Stranded assets are not the answer

The power cartel's systematic underinvestment in generation has given us another electricity crisis, and the climate-denying government is using this to push its dirty solutions: new fossil generation, with an LNG import terminal to ensure there is enough gas. Which probably looks very attractive as a temporary stopgap measure. The problem is that once the current crisis is over, the investment in that stopgap measure will effectively be a stranded asset - making it a hugely expensive "solution" to a temporary problem.

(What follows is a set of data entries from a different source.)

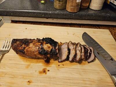 - You can baste the pork with the marinade syrup every 10 minutes if you'd like, I usually wait until the end.
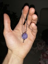 ¡Es perfecto! Temíamos que fuera plástico completo, pero en realidad es metal alrededor de la bola de acrílico (plástico). La bola no se mueve, está pegada. El tamaño es perfecto para cosplay o uso diario-no es demasiado pesado o demasiado grande. Colgante muy agradable. No se comunicaron con el vendedor, envío rápido.
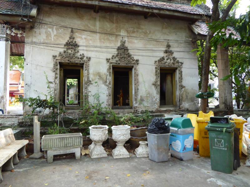 Mein Blick erhascht noch die Santa Cruz Church bevor wir anlegen und ich bin zum zweiten Mal auf dem Gelände des Tempels der Morgenröte (Wat Arun) angekommen. So kenne ich den hohen Turm aber nun nicht, so ganz verhüllt.

Even the polluter lobby seems to understand this, with Energy Resources Aotearoa demanding an "investment guarantee" - otherwise known as a subsidy - for a new thermal power plant. Meaning they know such a plant would have no future; that even if it could secure a supply of gas to keep it operating, the pipeline of consented wind and solar being built will rapidly drive it out of the market, meaning it won't have the usual payback period required for such an investment. Its basically not a commercially viable proposition, even allowing for fossil generation's role as the price-maker and the resulting windfall profits to the power cartel.

The equation for LNG is even worse. Imported LNG is roughly twice as expensive as domestic gas (US$12.37/MBTU = NZ$19.63/GJ, vs NZ$10.97/GJ for industrial users).Methanex, which uses 45% of all our gas, won't want to pay that. Neither will anyone else. The exception being electricity companies, who can pass on those prices and (due to the broken market pricing model) generate windfall profits from them. So it will drive up electricity prices for everyone, but because electricity is more efficient than gas for most uses, will also further drive electrification as well. So, an expensive import terminal to supply fuel to a dying industry, which will increase the speed of death of that industry. Only a fool would pay for it. Unfortunately, as their whole conversation around energy and climate change shows, we are currently governed by fools.

If the government is going to subsidise or promote things to fix the underlying problems in the electricity industry, it could at least subsidise good things: renewables and batteries, or even baseload geothermal. These would increase electricity supply, lower electricity prices by driving fossil generation out of the market, and do so while not cooking the planet. But I guess none of that benefits the government's donors and cronies, so they'll be wasting money subsidising a polluting dying industry instead. But if they so so, the next government can and should repudiate their bullshit, and legislate to recover any wasted money.